Who would ever guess that a plastic, gallon jug of milk, when dropped from a level of three to four feet, could make such a spectacular splat?  Maybe the plastic was brittle from just coming in out of the cold.  I don’t know.  What I do know is it split open at the bottom, and milk gushed out, spreading a puddle of Fat Free on the floor at the base of the fridge, ran under a door, over the threshold, and into the pantry.

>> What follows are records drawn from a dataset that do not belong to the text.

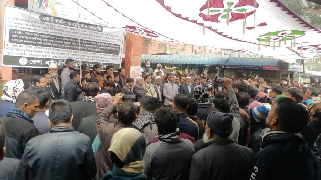 বিভিন্ন দাবিতে আগামী ৩ দিন ব্রাহ্মণবাড়িয়ার আদালত বর্জনের ঘোষণা দিয়েছে জেলা আইনজীবী সমিতি। বৃহস্পতিবার (৫ জানুয়ারি) থেকে এই কর্মসূচি শুরু করেছে আইনজীবীরা। চলবে আগামী ৯ জানুয়ারি পর্যন্ত। কর্মসূচির কারণে এজলাসে আইনজীবী না থাকায় দুর্ভোগে পড়েছেন বিচার প্রার্থীরা।
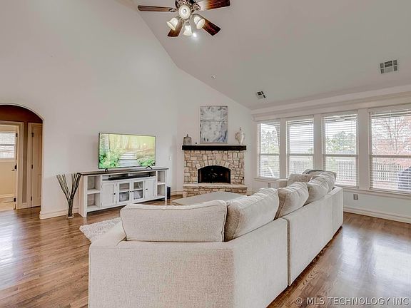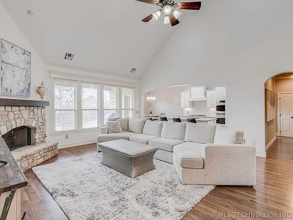 Turn-key beautiful home in desirable Ravens Crossing (Bixby Schools) with one of the largest lots in neighborhood. Chiseled granite, updated colors, newer AC unit up, brand new hardwoods in Master, central vac. Neighborhood pool. 5 bedroom with game and true formal dining. Brand new safe room. Make this one yours!!
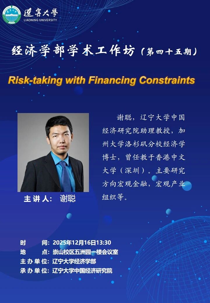 为加快推进经济学科建设,激发中青年教师思想碰撞,强化学术研究互促互进,以高水平科研成果为学校“双一流”建设助力,经济学部持续开展“学术工作坊”。本期学术工作坊邀请中国经济研究院谢聪助理教授作为主讲嘉宾,带来题为“Risk-taking with Financing Constraints”的学术报告。
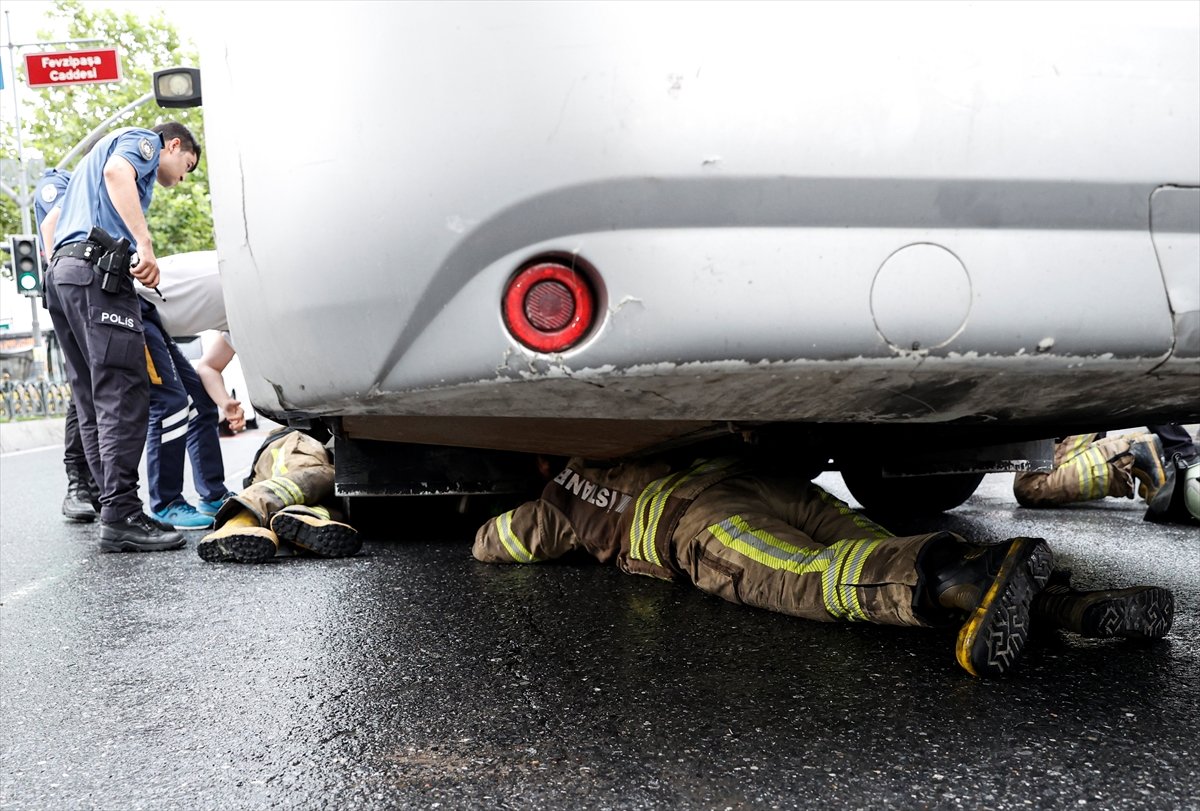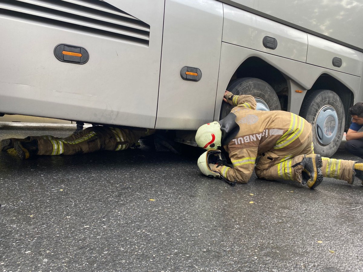 Fatih ilçesindeki bir tur otobüsünün motor kısmına giren bir şahıs kendisini iple olduğu yere bağladı.

Milk fairly exploded from that jug, spattering floors, walls, fridge, doors, cupboards, dishwasher, oven, and counters.  It flew across the room, through the window screen above the kitchen sink, and messed my west-facing view.  Clean dishes drying in the drainer by the sink were suddenly destined for a second washing.  Not even the cupboard molding near the ceiling was spared



Moo juice dripped from hair, spectacles, jacket, gloves, pants, and shoes.  And would you believe there was still a good half gallon left in the container?



The whole event made such a colossal mess, all I could do was laugh in utter disbelief.  (Make that udder disbelief.)  No, I did not take pictures.  The last thing I wanted was a milk moustache on my camera.



This happened Friday night, right as I was about to begin cooking supper.  We ate Carry Out.